● **Work request**:
All the data below goes into the copy word for word, but the pictures don't.

● **Data segment**:

==============================

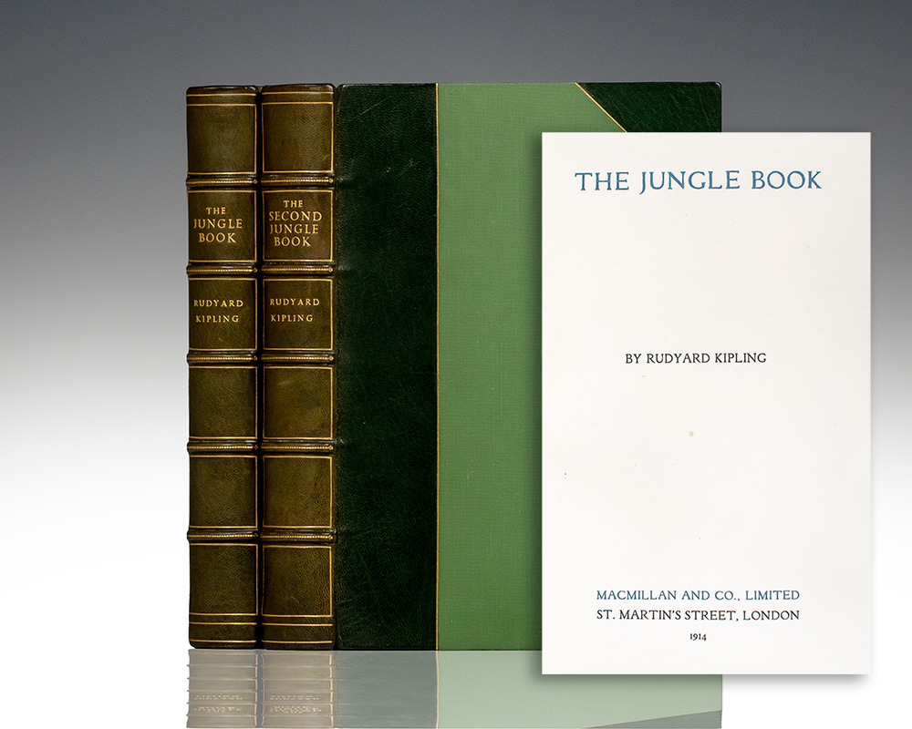 The Bombay editions of both volumes of The Jungle Book. Octavo, two volumes, bound in three-quarters morocco by Morell with gilt titles to the spine in six compartments within raised gilt bands, top edge gilt, marbled endpapers. One of 1050 copies. In near fine condition. A sharp example.
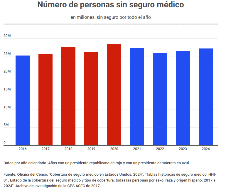 El NHIS, un proyecto del Centro Nacional de Estadísticas de Salud de los Centros para el Control y la Prevención de Enfermedades, halló que el 8,2 % de la población, o 27,2 millones de personas, carecía de seguro médico en 2024, según sus estimaciones preliminares publicadas en junio. El último informe de la Oficina del Censo, publicado en septiembre, situó la tasa de personas sin seguro en un 8 %.
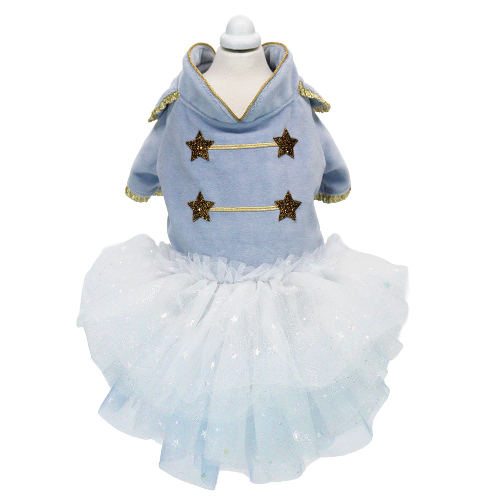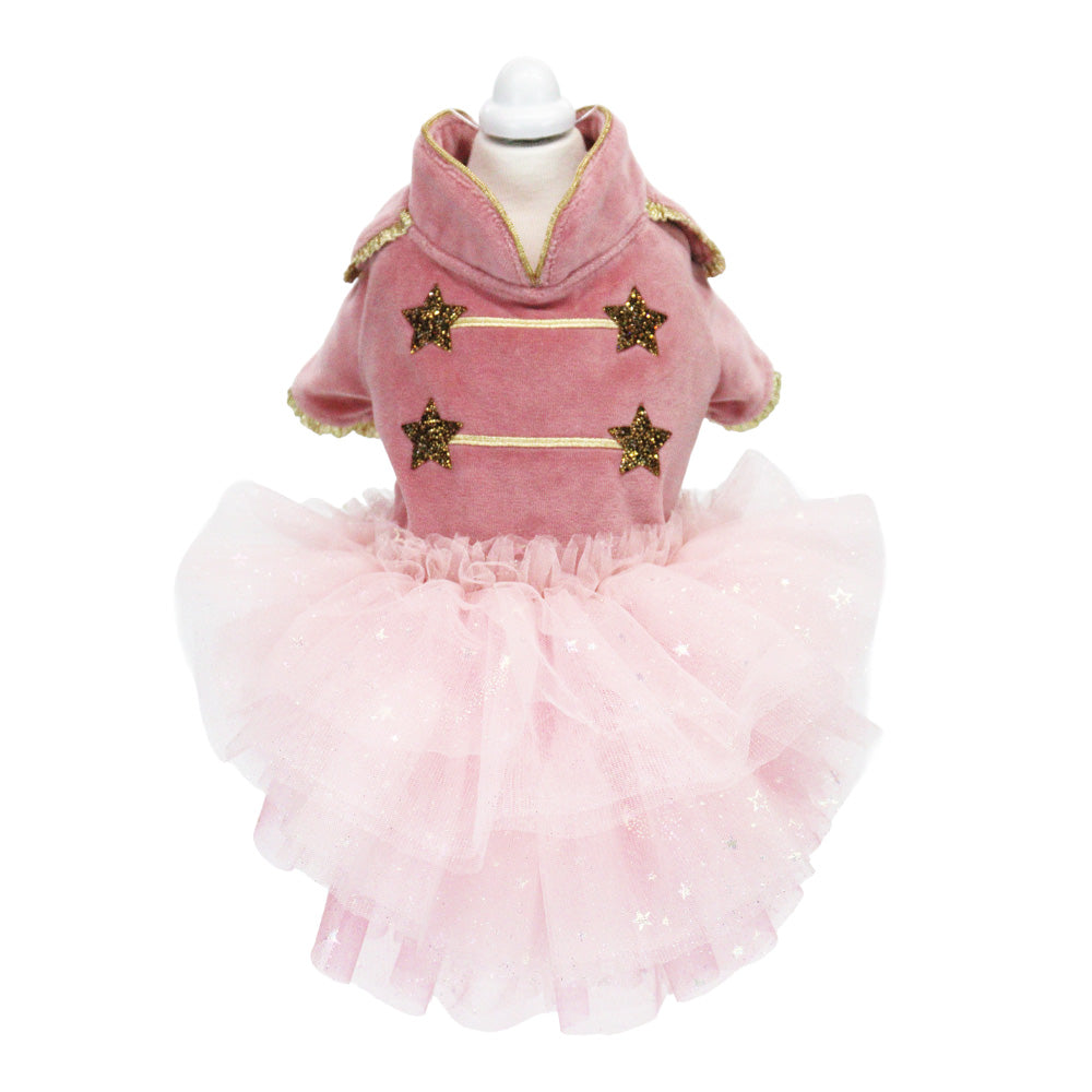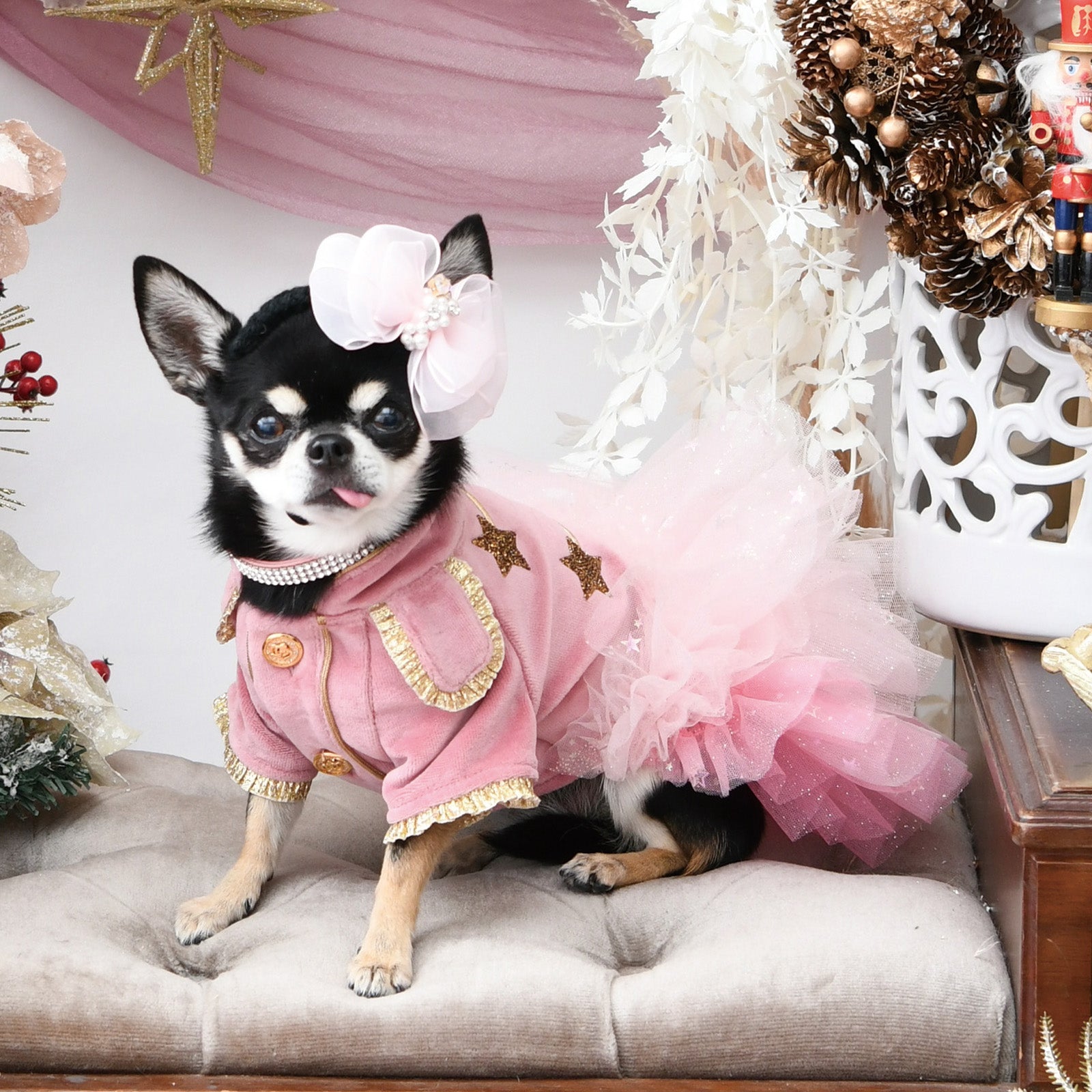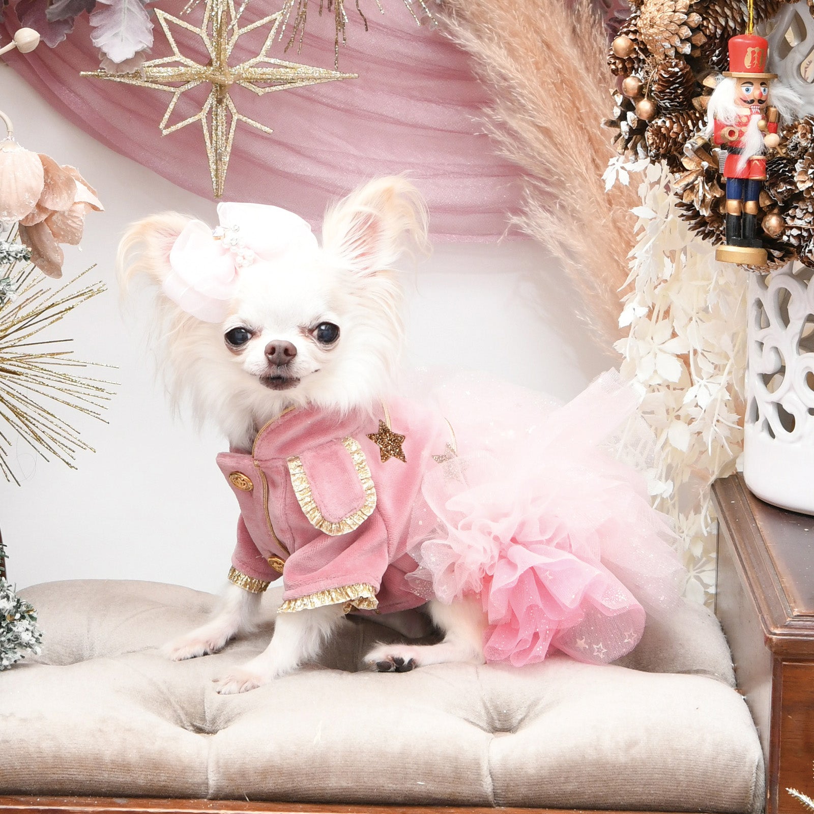 ビロード調のトップスに星とゴールドフリルをあしらい、マーチング風のアクセントを。

==============================

● **Solution to this task**:
 The Bombay editions of both volumes of The Jungle Book. Octavo, two volumes, bound in three-quarters morocco by Morell with gilt titles to the spine in six compartments within raised gilt bands, top edge gilt, marbled endpapers. One of 1050 copies. In near fine condition. A sharp example.
 El NHIS, un proyecto del Centro Nacional de Estadísticas de Salud de los Centros para el Control y la Prevención de Enfermedades, halló que el 8,2 % de la población, o 27,2 millones de personas, carecía de seguro médico en 2024, según sus estimaciones preliminares publicadas en junio. El último informe de la Oficina del Censo, publicado en septiembre, situó la tasa de personas sin seguro en un 8 %.
 ビロード調のトップスに星とゴールドフリルをあしらい、マーチング風のアクセントを。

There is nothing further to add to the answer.